My birthday is tomorrow.
I just wrote a long rambling post about where I was last year and how it feels like 10 years ago with everything that happened and how I'd kind of like to just forget it but that would make me even more depressed.
I wrote about still feeling tongue-tied and broken and having no words, or too many, or not the right ones. I've written a few posts that are sitting in my drafts folder because they're so whiny and annoying even I don't want to read them. I haven't been commenting, for mostly the same reason. Can't string thoughts together very well. Or when I do, they're all about me and how frustrated I am with everything. I have nothing good to say.
Maybe tomorrow I'll find something nice to write about, because honestly, I'm getting tired of hearing myself whine. Tired of hearing myself be sad. Tired of feeling constantly anxious. Do I do anything about it? Not much.
I still can't focus on school because I don't feel like I know where I'm going with it, but I need to figure it out because the deadline is looming and I have a ton of work to do.
I'm doing better. Kind of. But not. And I hate that.
How's that for concise?
15 comments:
Happy birthday, sweet STE. It's been a shitty hard year for you, and you know what? You have every right to feel beaten down.
Hope you get some cake and some peace.
Love you lots (we share a birthday, I HAVE to love you).
wishing you a wonderful day, and a better year. I hope you can find the time to celebrate you, and to do whatever the hell you feel like it. and enJOY it. thinking of you.
I hope you have a good birthday tomorrow. Do something nice for yourself. Eat too much and maybe drink too much. Give yourself a day off from being sad (a lot easier said than done!).
Here from L&F!
Happy birthday. I hope you're feeling better today..((((hugs)))))
I know it doesn't sound right but I'm gonna say it anyway...Happy Birthday. It's been a rough (understated there) year for you and I hope this next year brings you peace and some sort of happiness and hope. I'll be thinking of you tomorrow! Much love, A
I think you just touched on everything I have been feeling in the last week. I wished that every single holiday and special occasion since Quinn's birth and death hadn't happened - I didn't find joy in any of them, and even trying made me feel worse . . . like how dare I try to have a good time. I hope that there are at least a few good moments in your day tomorrow, and that the coming year brings you peace.
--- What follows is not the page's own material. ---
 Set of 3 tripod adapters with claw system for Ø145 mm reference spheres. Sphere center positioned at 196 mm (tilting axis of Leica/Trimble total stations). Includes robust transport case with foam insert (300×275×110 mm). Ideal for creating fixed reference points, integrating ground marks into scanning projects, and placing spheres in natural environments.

(And if you want to get those posts out of your drafts folder, please feel free to e-mail them to me - I am right there with in feeling whiny and annoying, and I understand.)
There is a part of grief, and I'm in it, that is what I call S2D2 - same sh.i.t, different day.
It sucks.
Hmph. I say FEH too. So there.
Say, this is probably most unhelpful, feel free to junk, but when I found myself at this exact whiny place I realized it was kinda time to put a fork in a part of my grief. Not my grief altogether, but I think I realized I was grieving a whole helluva lot more than my deadbaby. And at some point I started to whittle away at this list. I'm not quite down down to just her, but I'm trying my damnedest. So it could just be, if you look around, you might say: Feh, I don't really need to harp over THAT part anymore, I've beaten that horse.
Then again, like any good ex-grad student, I'm good at deconstruction like this.
I'm really sorry. And Happy Birthday. And please, eat some cake.
Happy early birthday!
happy birthday. sending you strength and wishes for peace.
I really hope your birthday is ok and you manage, even for a short time, to think of yourself.
I think you are incredibly hard on yourself. You don't whine. It is a cliche but things to move on with time. My belief is that they get worse with time first before becoming part, instead of all, of you as a person. You getting there, be kinder to you.
I hope this next year brings you more peace.
Happy Birthday. I hope it's another small step in a good direction for you.
All the best.
Happy Birthday for today. I hope you get some time to do some good stuff for you.
Happy Birthday, STE. Just wanted to let you know I'm thinking of you. XO.
Happy Effin Birthday hun.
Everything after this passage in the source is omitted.